As for the remaining issues raised by the Credit Insurer relating to the interpretation of specific clauses in the Policy, the Arbitral Tribunal rejected the Credit Insurer's interpretation of those clauses. The Arbitral Tribunal held that the Credit Insurer could not rely on those specific clauses to deny the Bank's claim on the Policy either.

Decision

This case serves as a welcome clarification that where the insured is able to show a prima facie case that the claim falls within the scope of the Policy, the burden of proof falls squarely on the insurer to prove any reason as to why the insured's claim should not be accepted. The insurer may not reverse the burden of proof and require the insured to go one step further to disprove any suspicions the insurer may have about the claim, such as in the present case where the insurer sought to disclaim liability under the Policy on the basis of, inter alia, its suspicion that the underlying trades were not genuine.

The Tribunal's analysis of the Disputed Debts Issue is also a useful illustration of how the same issue may be dealt with by the Singapore Court. It is a common term of credit insurance policies that debts which are disputed by the debtor fall outside the scope of the policy cover – this case affirms the approach of the Canadian Courts in holding that an insurer may not rely on any "dispute", however fanciful, frivolous or unmeritorious it may be, to claim that the debt was a "disputed debt" and therefore outside the scope of cover of the Policy.

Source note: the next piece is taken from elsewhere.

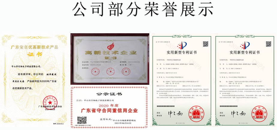 中山市百納電子科技有限公司成立于2009年,位于廣東省中山市火炬高技術(shù)產(chǎn)業(yè)開(kāi)發(fā)區(qū),集研發(fā)、生產(chǎn)、銷(xiāo)售于一體,主要產(chǎn)品有:高頻變壓器、各類(lèi)電感、磁珠、電源適配器等,廣泛應(yīng)用于大功率醫(yī)療設(shè)備、工業(yè)電源、UPS、充電機(jī)、汽車(chē)充電樁、智能家居、通訊設(shè)備、音響、LED等領(lǐng)域。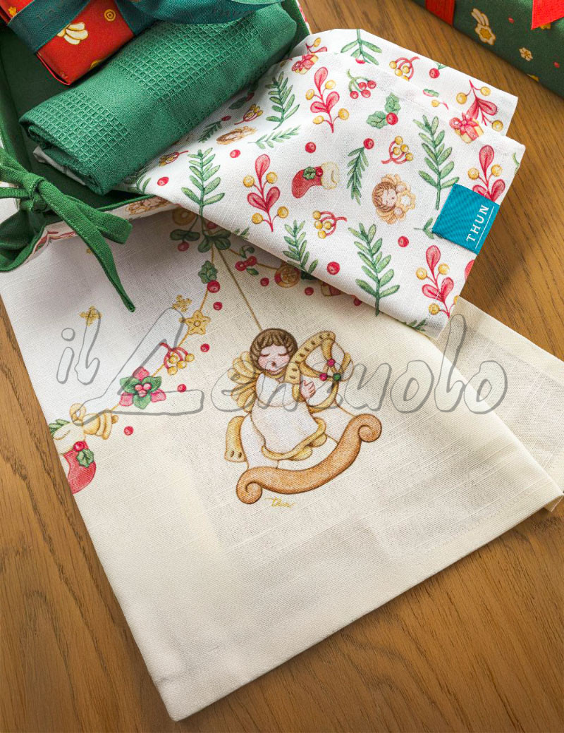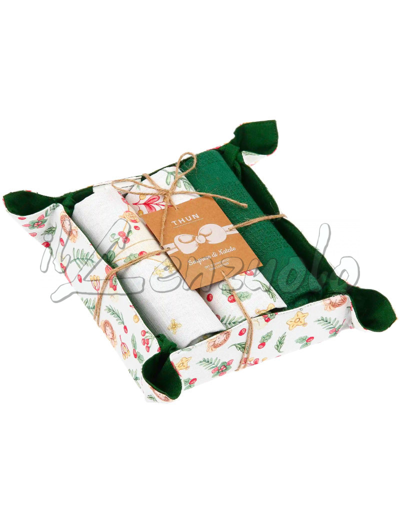 Strofinacci Natalizi THUN Set 3 pezzi con Cestino.

Financial institutions should also take note that where due diligence is concerned, it is also a common term in credit insurance policies that the insured should act with the same level of diligence as it would be reasonably expected to exercise were the debts not insured. Financial institutions should therefore continue to conduct the necessary checks and KYC procedures on their customers even where the bank's exposure is covered by insurance. In this regard, it may be useful for financial institutions to refer to both local and international guidelines to ensure that the relevant checks and processes are carried out – in the case of receivables financing, the MAS Guidelines 2015 and the Trade Finance Principles 2019 are relevant. 

Finally, the outcome of this arbitration serves as a timely reminder to financial institutions and their insurers that where an insurer chooses to reject a claim on the policy, the insurer must have a clear and substantiated basis for rejecting the claim. Arbitration Tribunals and//or the Courts are not likely to allow an insurer to reject a claim on the basis of unsubstantiated and speculative reasons.   

Shook Lin & Bok LLP acted for the claimant Bank.